Hermes use case	What skill_define captures
Personal assistant (Telegram / WhatsApp / Discord)	“How I handle a new package-delivery notification” — observed once, distilled, reused next time
Multi-platform messaging	”How to interpret message from `whatsapp:user-A` vs `telegram:user-A`” — when owner-scoping (v0.4.10+) collapses platforms to one identity, the skills travel with the canonical owner
Developer productivity	”How I review a Hermes plugin PR” — distilled from successful reviews, surfaced next time before the agent starts
Research & content curation	”How I survey a new topic over a week” — repeat the protocol that worked, not the one that didn’t
Self-improvement / skill auto-generation	This is the use case. Hermes’ built-in learning loop writes filesystem Markdown; the plugin exposes the same loop into a DB substrate so the skills are searchable, outcome-tracked, and shareable with other agents on the same substrate.

Why filesystem skills aren’t enough on their own

Hermes’ built-in Markdown skills and yantrikdb’s DB substrate aren’t competitors — they’re peer surfaces with different lifecycles. The right call depends on who’s authoring and how the skill needs to evolve.

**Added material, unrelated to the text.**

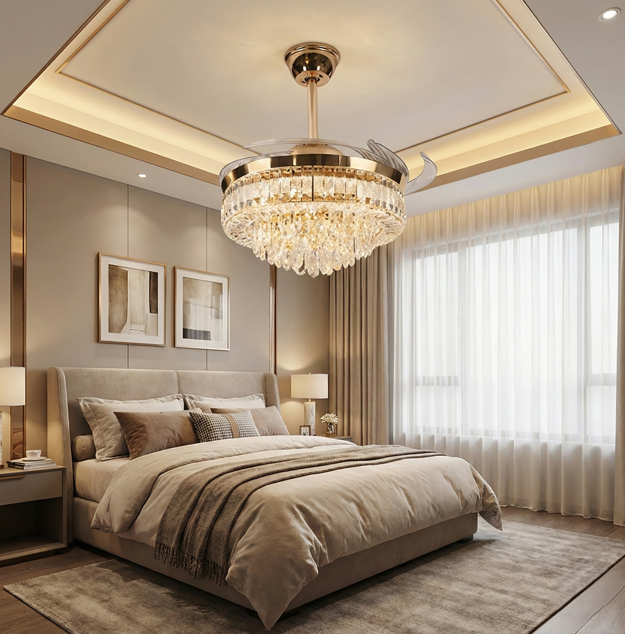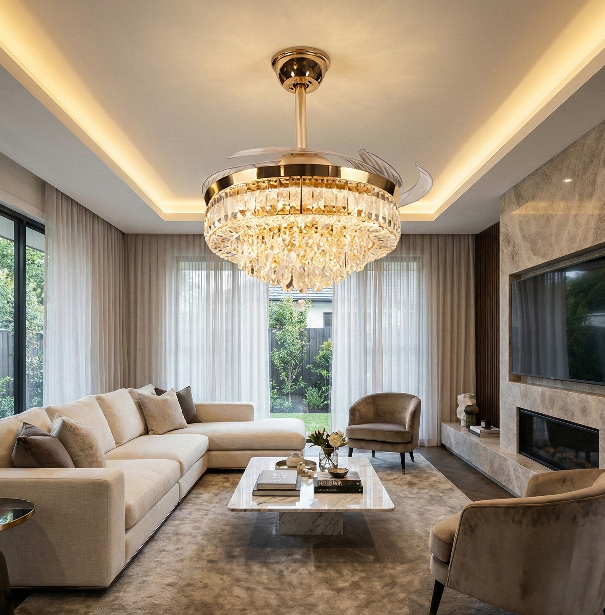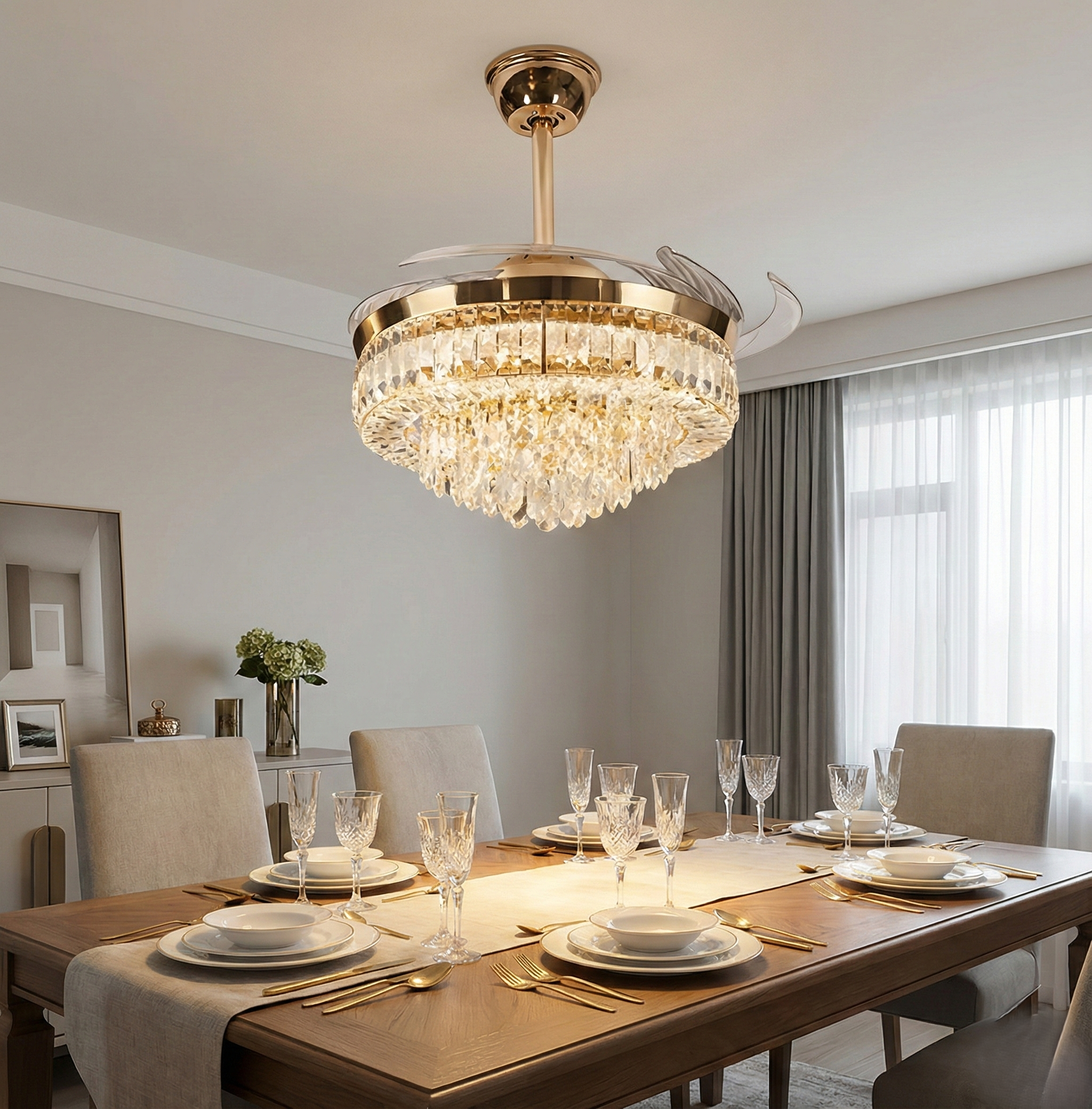Smart Retractable Blades: The four clear acrylic blades (1070mm / 42-inch span) automatically extend when the fan is turned on. When switched off, they retract seamlessly out of sight, leaving behind a stunning chandelier centerpiece.

Property	Filesystem skill (`$HERMES_HOME/skills/*.md`)	yantrikdb skill substrate
Author	Best fit for human-authored, durable, version-controlled, code-review-shaped	Best fit for agent-authored, runtime-evolving, outcome-tracked
Lookup	filename, grep, manual indexing	semantic search via `yantrikdb_skill_search`, ranked by relevance + recency + outcome
Outcome tracking	Implicit (you’d see if a procedure failed during a session, but no ledger)	First-class append-only outcome ledger via `yantrikdb_skill_outcome`
Contradiction	If two skills contradict, you’d notice during use	`conflicts()` surfaces the contradiction; the agent can `resolve_conflict()` explicitly
Sharing across stacks	One agent’s filesystem; you’d have to copy files into another	Single shared `skill_substrate` namespace; another consumer (the MCP server, Lane B SDK, etc.) reads and writes from the same store
Schema validation	Free-form Markdown	Schema-validated at write time — skill_id format, type enum, body length bounds, applies_to format
Provenance	Git history if you commit them	`metadata.source=hermes` (or `mcp`, etc.) — each entry tagged with the consumer that authored it
Version compatibility	You manage it	The plugin handles it; entries from older schemas migrate forward

Filesystem skills win when a procedure is curated, reviewed, and stable. DB-native skills win when the procedure is observed-then-crystallized in the moment, and you want a different agent in a different session to find it again.

Install

hermes plugins install yantrikos/yantrikdb-hermes-plugin --enable
pip install yantrikdb               # same Python env as Hermes
hermes memory setup                 # select "yantrikdb"
hermes gateway restart

Skills are enabled by setting YANTRIKDB_SKILLS_ENABLED=true in your Hermes .env. The substrate writes to the shared skill_substrate namespace; if you also run the yantrikdb-mcp server on the same backing store, that server’s tools and this plugin’s tools read and write the same catalog.

Where to look next

Hermes Plugin guide — full setup, owner-scoping for multi-platform, embedded vs HTTP backend
Hermes Dashboard guide — visual operator console for browsing the substrate (memory + skills + identity scope)
Skill-as-Memory research paper — the substrate thesis behind why agent-authored procedures want a DB surface, not a filesystem one
yantrikdb-hermes-plugin on GitHub — issues, PRs, CHANGELOG

The 17 skills above are evidence that the autonomy loop closes in practice. Skills the agent chose to crystallize, looked up in subsequent sessions, and accumulated outcomes against. The substrate kept score; the agent made the calls.